Both attacks of thrombocytopenia were noticed to be during the administration of PEG-ADA, and both subsided by holding PEG-ADA (Figure 1). Based on this observation, the patient received a diagnosis of PEG-ADA induced thrombocytopenia, as the only new medication given was PEG-ADA at that time. The patient had a score of 8 on Naranjo algorithm making it highly probable that PEG-ADA was the cause of this patient's thrombocytopenia (Supplementary File 1) [9,10]. Thrombocytopenia was also the term for the adverse event from the Medical Dictionary for Regulatory Activities. (medDRA) . Thrombocytopenia has been reported in patients receiving PEG-ADA . however, the unusual thing about our case is that it occurred after the patient was on it for so long, and it was resistant to all treatments, except stopping PEG-ADA itself.
Figure 1: The trend of platelet counts through PEG-ADA treatment. View Figure 1
Given her refractory thrombocytopenia, we had to shift from PEG-ADA to another modality of treatment. The patient was put on IVIG and sulfamethoxazole-trimethoprim, awaiting a suitable donor. There was no available family donor, so she underwent HCT from MUD using Busulphan/Fludarabine/antithymocyte globulin (conditioning regimen) and Mycophenolate & Cyclosporine for graft versus host disease (GVHD) prophylaxis. The source of stem cells was peripheral blood at a dose of 5 × 106/Kg of the recipient. After transplant, she showed good engraftment and incremental clinical improvement.
PEG-ADA is generally well tolerated by patients with ADA-SCID . In previously published reports of PEG-ADA causing thrombocytopenia, immune dysregulation was attributed as a possible cause when starting PEG-ADA in a patient for the first time. It is unclear however, why our patient developed thrombocytopenia after being on PEG-ADA for so many years. For all published studies regarding HCT in ADA-SCID, none of them reported transplantation results, complications, or long-term survival in adolescent patients. In our reported case, after intolerance of PEG-ADA which was complicated by persistent severe thrombocytopenia, we decided to transplant our patient from an MUD because no matched relative was available. She had good immune system recovery following HCT.

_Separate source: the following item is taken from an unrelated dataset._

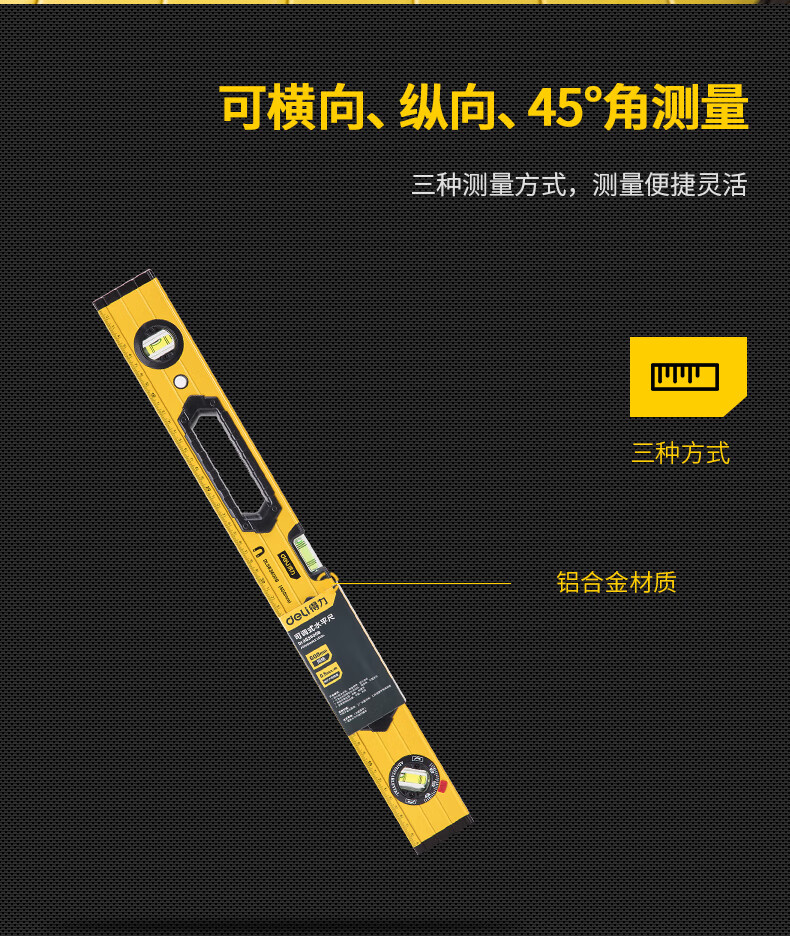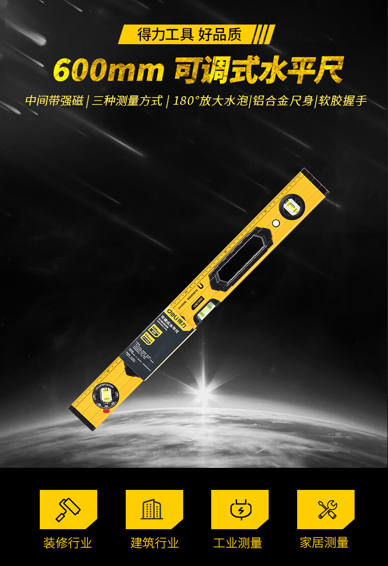 商品名稱:得力DL983600B 可調(diào)式水平尺 高強(qiáng)磁多角度精度鋁合金水平測量尺防摔平衡儀600mm

In summary, PEG-ADA can induce thrombocytopenia, possibly through immune dysregulation or other mechanisms and good recovery can be achieved after discontinuation of PEG-ADA.
HCT in this case was the mandated modality of treatment for this adolescent to avoid the unexpected severe complication of PEG-ADA and to prevent the patient from drifting to SCID status again.
The authors report no conflict of interests.